* _Your task_: Repeat the listing word for word. Leave every picture out.

* _Input data_:
++++++++++++++++++++
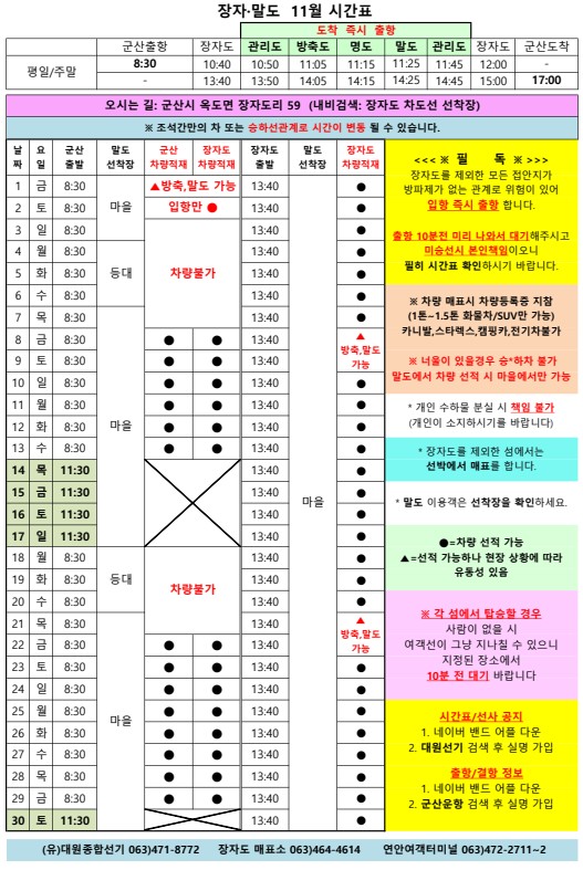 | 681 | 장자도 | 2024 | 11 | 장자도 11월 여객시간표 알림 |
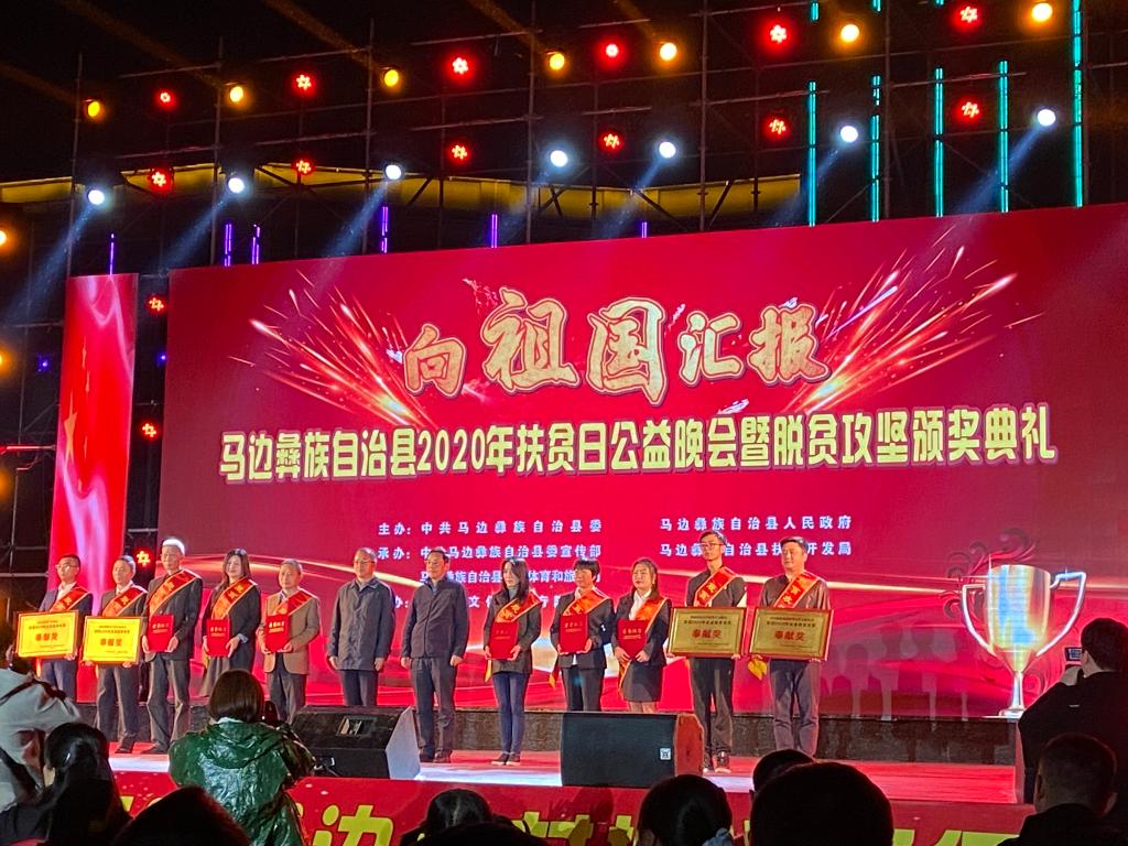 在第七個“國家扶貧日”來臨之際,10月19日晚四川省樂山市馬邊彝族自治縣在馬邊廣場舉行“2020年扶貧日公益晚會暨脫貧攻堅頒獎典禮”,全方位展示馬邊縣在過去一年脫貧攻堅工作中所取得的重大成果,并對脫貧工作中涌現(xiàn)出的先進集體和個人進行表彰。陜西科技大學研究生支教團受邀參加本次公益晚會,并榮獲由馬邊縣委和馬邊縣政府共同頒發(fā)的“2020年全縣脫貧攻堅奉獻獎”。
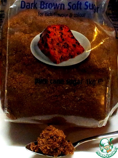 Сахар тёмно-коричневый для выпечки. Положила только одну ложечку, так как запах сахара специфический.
++++++++++++++++++++
* _Solution for this task_:
 | 681 | 장자도 | 2024 | 11 | 장자도 11월 여객시간표 알림 |
 在第七個“國家扶貧日”來臨之際,10月19日晚四川省樂山市馬邊彝族自治縣在馬邊廣場舉行“2020年扶貧日公益晚會暨脫貧攻堅頒獎典禮”,全方位展示馬邊縣在過去一年脫貧攻堅工作中所取得的重大成果,并對脫貧工作中涌現(xiàn)出的先進集體和個人進行表彰。陜西科技大學研究生支教團受邀參加本次公益晚會,并榮獲由馬邊縣委和馬邊縣政府共同頒發(fā)的“2020年全縣脫貧攻堅奉獻獎”。
 Сахар тёмно-коричневый для выпечки. Положила только одну ложечку, так как запах сахара специфический.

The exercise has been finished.